Sweden, which holds the EU's rotating presidency in the first half of 2001, hopes to start talks with Russia on the practicalities of everyday life in Kaliningrad once the enclave becomes a little Russia marooned within the EU.

"It is heavily polluted, it has diseases like HIV and tuberculosis, and there is nuclear waste. Almost every problem you can find you have there," Swedish Prime Minister Goran Persson said in a recent interview.

Sweden estimates that Kaliningrad needs up to $3 billion in investment over the next four years for a preliminary clean up of its environment, soiled by industrial pollution and untreated sewage from cities.

Governor Yegorov told foreign journalists that AIDS had become a serious problem in the region and he lacked funds to fight it.

"Tuberculosis is a social disease. We live poor lives, so people fall ill. AIDS is linked mostly to narcotics," he said.

Kaliningrad, blessed with 90 percent of the world's amber, has some industry with paper, food processing, fishing, shipbuilding and oil production. Its annual foreign trade turnover is $1.5 billion.

But thousands of Kaliningrad citizens make their living by smuggling vodka, cigarettes and petrol into Poland, where they are two to three times more expensive.
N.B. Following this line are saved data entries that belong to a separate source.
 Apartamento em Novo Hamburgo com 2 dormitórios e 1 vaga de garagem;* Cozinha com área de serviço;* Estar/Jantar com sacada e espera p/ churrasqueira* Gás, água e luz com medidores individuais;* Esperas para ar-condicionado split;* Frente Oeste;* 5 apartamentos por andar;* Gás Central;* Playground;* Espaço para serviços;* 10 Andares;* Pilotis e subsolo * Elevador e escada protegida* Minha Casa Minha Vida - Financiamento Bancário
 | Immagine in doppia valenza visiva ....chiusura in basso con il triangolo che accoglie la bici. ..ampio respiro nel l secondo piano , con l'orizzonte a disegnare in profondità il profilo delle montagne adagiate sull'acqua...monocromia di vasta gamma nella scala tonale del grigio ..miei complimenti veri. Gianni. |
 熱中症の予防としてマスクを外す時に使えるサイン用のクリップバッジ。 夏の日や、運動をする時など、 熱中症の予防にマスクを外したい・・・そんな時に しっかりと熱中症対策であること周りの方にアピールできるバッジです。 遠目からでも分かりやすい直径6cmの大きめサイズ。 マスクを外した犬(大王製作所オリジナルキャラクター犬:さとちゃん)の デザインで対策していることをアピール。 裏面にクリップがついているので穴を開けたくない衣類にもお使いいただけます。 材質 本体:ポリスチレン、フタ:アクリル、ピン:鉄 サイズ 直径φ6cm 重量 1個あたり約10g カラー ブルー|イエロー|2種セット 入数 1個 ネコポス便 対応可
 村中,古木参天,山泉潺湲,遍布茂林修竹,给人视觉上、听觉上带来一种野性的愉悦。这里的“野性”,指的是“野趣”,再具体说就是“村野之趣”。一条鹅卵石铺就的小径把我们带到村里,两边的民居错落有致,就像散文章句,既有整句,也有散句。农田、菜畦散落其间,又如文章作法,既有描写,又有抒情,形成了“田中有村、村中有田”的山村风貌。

"This smuggling is worth about $200 million annually," said Polish consul Andrzej Janicki-Rola, adding that the practice should stop in October, 2001, when Poland plans to impose strict, EU-style travel restrictions on Russians.

Lithuania, expected to join the EU one or two years after Poland, which is likely to be a member by 2004 or 2005, will also be forced to impose similar travel rules, unless Moscow and the EU work out a special travel agreement.
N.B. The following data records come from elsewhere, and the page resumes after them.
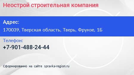 Неострой, строительная компания по адресу 170039, Тверская область, Тверь, Фрунзе, 1Б в дальнейшем Организация, размещена в следующих категориях: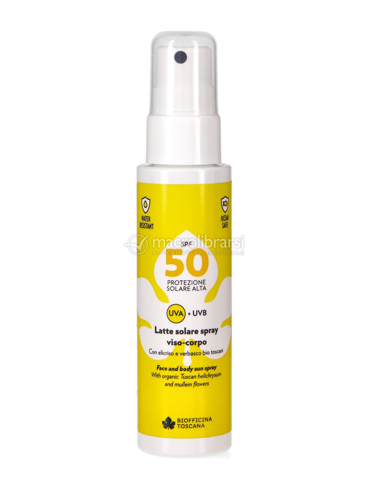 Formulato con filtri di nuova generazione rispettosi dell’ambiente marino e delle barriere coralline secondo il protocollo delle Hawaii, il Latte Solare Spray SPF 30 di Biofficina Toscana garantisce una protezione dai raggi UVA e UVB grazie al suo fattore di protezione SPF 50.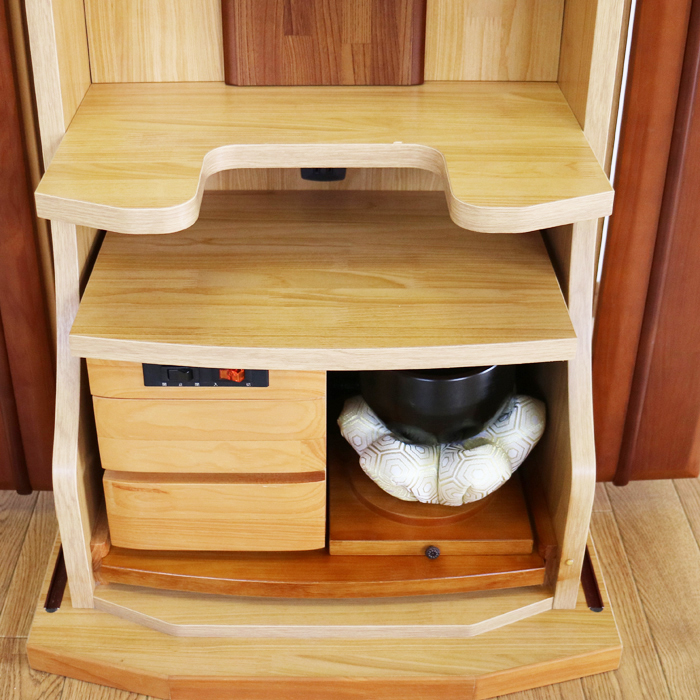 こちらのお仏壇には、収納経机・収納リン台となっておりとても便利です。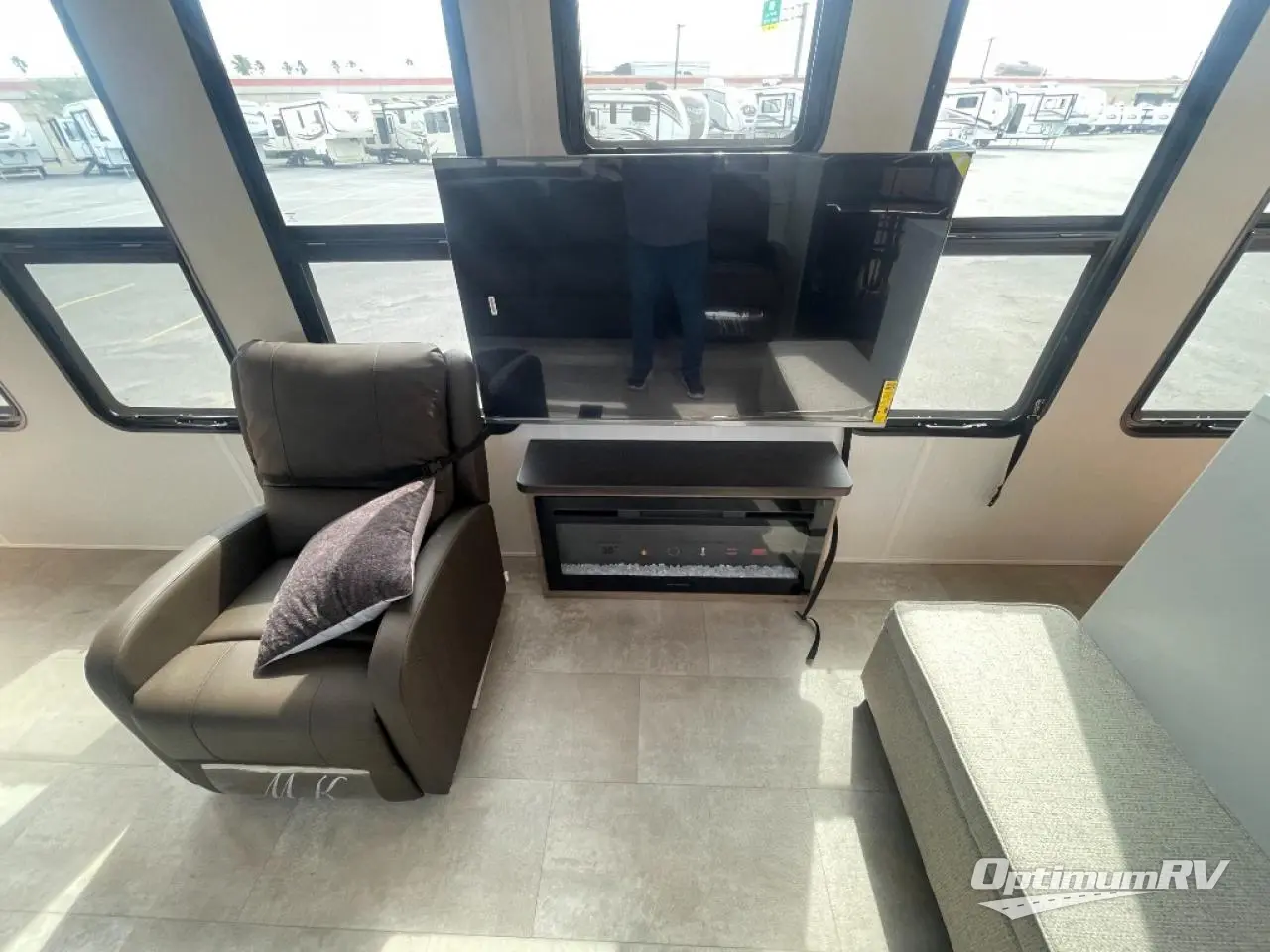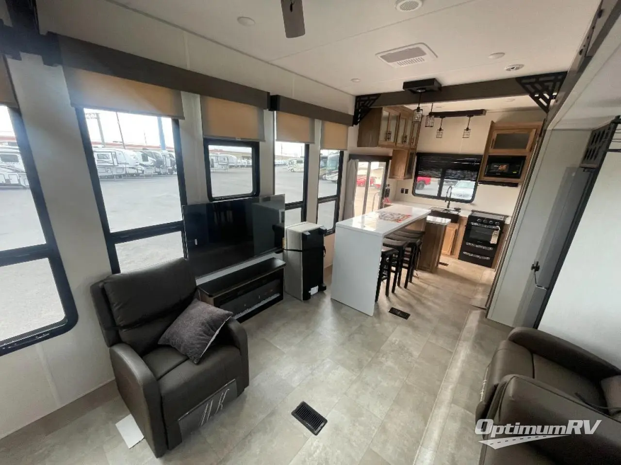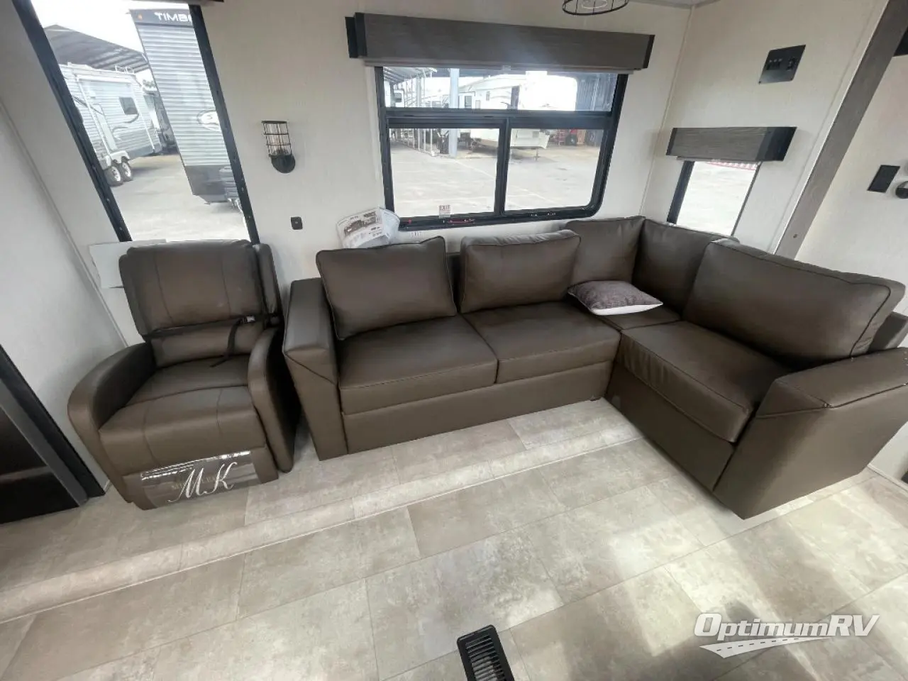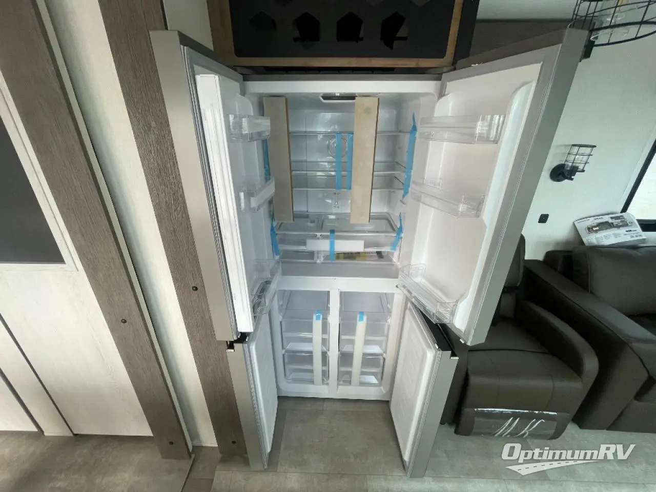 Time spent in this destination trailer will be time well spent! You will appreciate dual entry doors for maximum convenience, plus a spacious full bath that is close by the front private bedroom! Your crew can relax in the middle living area on the L-shaped sofa or on one of the dual lounge chairs. The rear kitchen will be any chef's dream with its island with three stools and all the appliances to create meals each day. This model also features triple slides so you can enjoy more space to relax!

ECONOMIC ZONE A MISSED OPPORTUNITY

Kaliningrad's special economic zone has attracted $160 million in foreign investment over the last four years. The German auto maker BMW has built a small assembly plant to produce tax-break cars for Russia's business executives.
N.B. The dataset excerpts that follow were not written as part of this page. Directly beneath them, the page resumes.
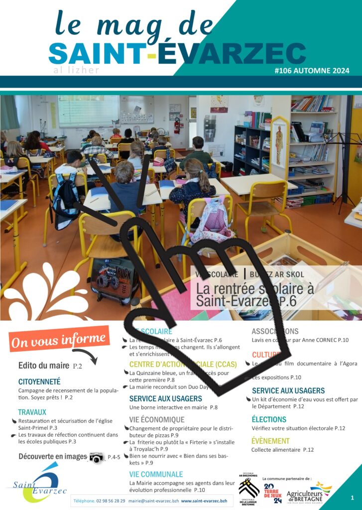 Le Mag’ de Saint-Évarzec – Automne 2024 Actualité | Er mare-mañ 17 octobre 2024 Le mag’ de Saint-Évarzec (automne 2024) est en cours de distribution sur la commune. Ce magazine trimestriel est gratuit et remis dans chaque boîte aux lettres des habitants. Si vous ne le recevez pas, veuillez le signaler en mairie.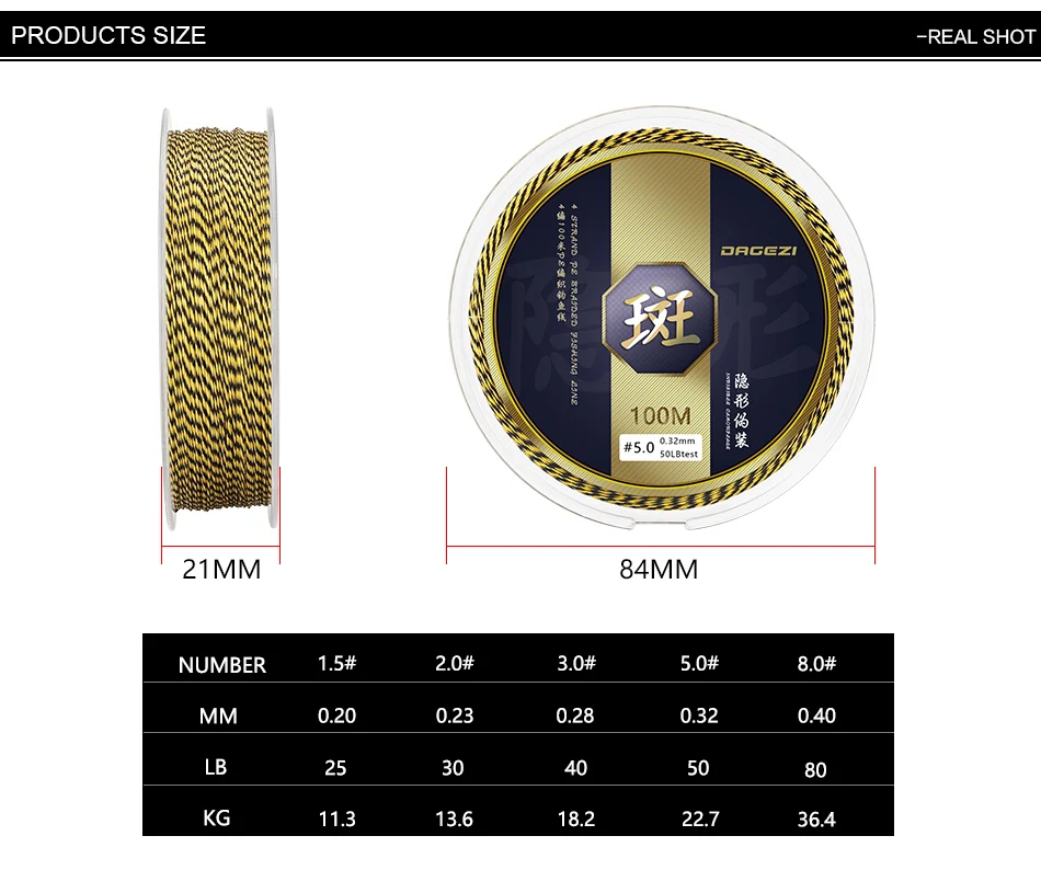 Line Number # 1.5: 0.20mm / 25LB / 11.3KG Line Number # 2.0: 0.23mm / 30LB / 13.6KG Line Number # 3.0: 0.28mm / 40LB / 18.2KG Line Number # 5.0: 0.32mm / 50LB / 22.7KG Line Number # 8.0: 0.40mm / 80LB / 36.4KG Package List: 1pc * 100M Fishing Line + gift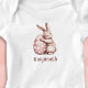 This baby bodysuit features a cute baby bunny hugging a mauvy pink easter egg with white polka dots. Your child's name appears in charming lettering underneath the rabbit artwork. This is a great design for Easter but would be a cute design on other spring days.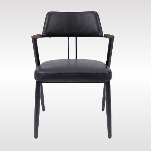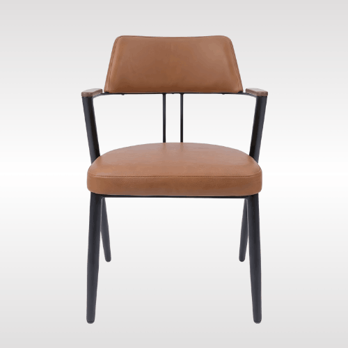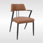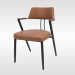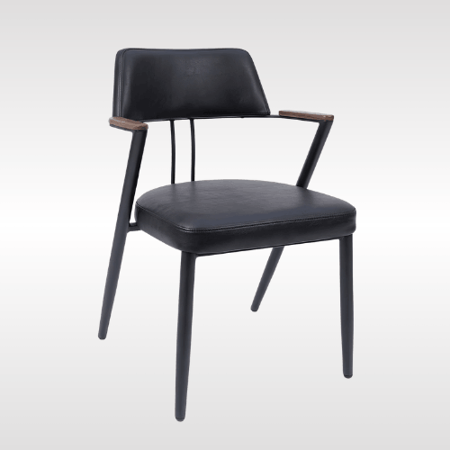 | Design: Sleek and modern with minimalist armrests and a Features: Ergonomic structure ideal for dining or office settings.supportive backrest.Material: Cushioned seat and back upholstered in faux leather with a metal frame.Usage: Suitable for home, office, or café environments. |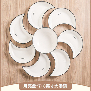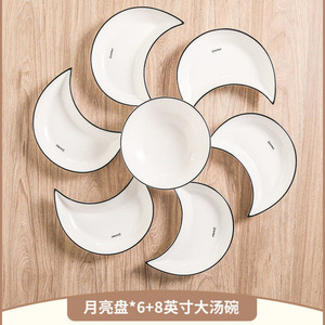クリエイティブインターネットセレブホームムーンプレート組み合わせ食器新年団子テーブル大皿セラミックプレート皿とボウルセット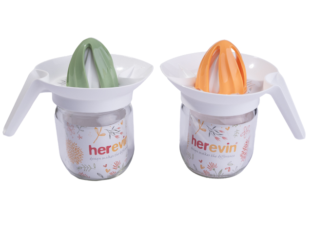 Продуктът има стъклено бурканче, в което се събира изстискания от цитруса сок.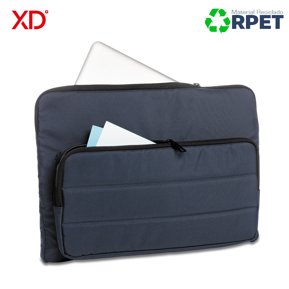 Funda portalaptop acolchada para portátilesde hasta 15.6”. Bolsillo frontal con cremallera, dos bolsillos internos y para bolígrafos. Fabricado con Poliéster 100% reciclado AWARE ™, ahorro de 10 litros de agua y se han reutilizado 16 botellas de plástico durante el proceso de producción. Libre de PVC. Medidas: 28 cm x 2.5 cm 39.5 cm Marca: 8 cm / Screen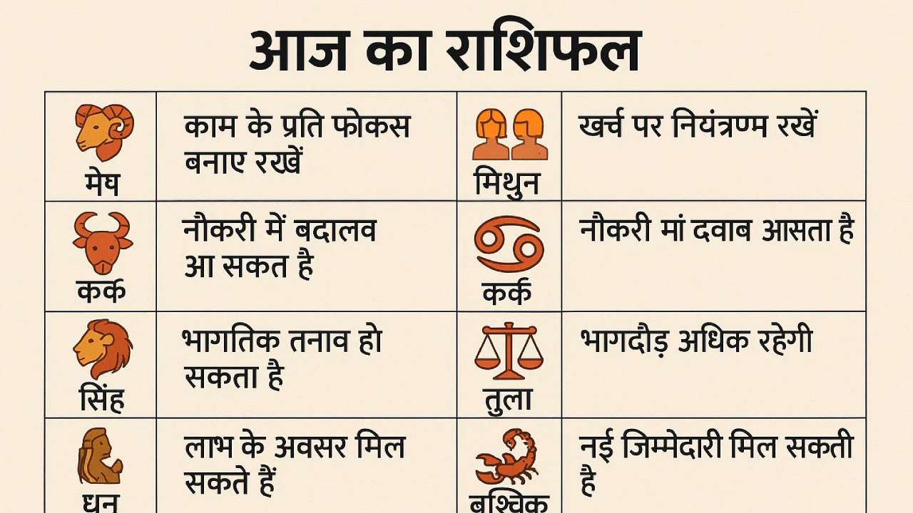 14 November Ka Rashifal : आज का दिन बारह राशियों के लिए नई उम्मीदें और चुनौतियां लेकर आया है। कहीं खुशियों की दस्तक है तो कहीं थोड़ी सावधानी की जरूरत। मेष राशि वालों के घर खुशियों का माहौल रहेगा, वहीं कर्क राशि को आर्थिक मामलों में सतर्क रहना होगा। सिंह राशि के लिए भाग्य का सितारा चमक रहा है, तो तुला राशि वालों के लिए दिन रहेगा लाभदायक।

But the attractions of tariff breaks do not outweigh the disadvantages perceived by many potential investors.

"Kaliningrad has failed to become a thriving economic zone because of two main factors: no right to buy land and corruption," said Janicki-Rola.

The new governor vows to put the region's murky past behind it and give foreign firms stable conditions for investment, but he is thin on details.

"We will amend our regulations so people are not afraid for their investment. We will take steps to put economic life under control," Yegorov said, referring to the large unofficial sector of the economy which is often linked to organised crime.

Yegorov blames most of Kaliningrad's woes on its Soviet past. Until 1989, the nuclear port of Kaliningrad was closed for foreigners and Soviet citizens needed permits to get in.

Kaliningrad's road and rail infrastructure is poor and hundreds of million of dollars in investment will be needed to make its port, Russia's only major Western warm water port, into a transport hub in the Baltic region.

"We were closed to the outside world for 50 years. It is difficult to make up for this in 10 years," said Yegorov.



SHADOW OF SOVIET PAST

Foreigners are still required to get permission to enter Baltiisk, the site of Russia's Baltic Fleet. In Baltiisk, like in the capital of Kaliningrad, the main street is still named after Lenin, the father of the Soviet revolution in 1917.

Kaliningrad used to be Koenigsberg before the Soviet Union took it from Nazi Germany during World War Two. In the 18th century the city was home to Immanuel Kant, one of the world's most eminent philosophers.

Soviet dictator Josef Stalin ordered the expulsion of Germans after the war and brought in people from across the Soviet Union to populate what became a heavily militarised outpost threatening Europe with nuclear weapons throughout the Cold War.

German houses are now being restored and wealthy businessmen are building houses imitating the pre-war German style.

"Kaliningrad is a place where two visions still clash -- keeping the region as a military bastion with geo-strategic importance or turning it into a zone of robust trade," said one local politician. "It is up to Moscow.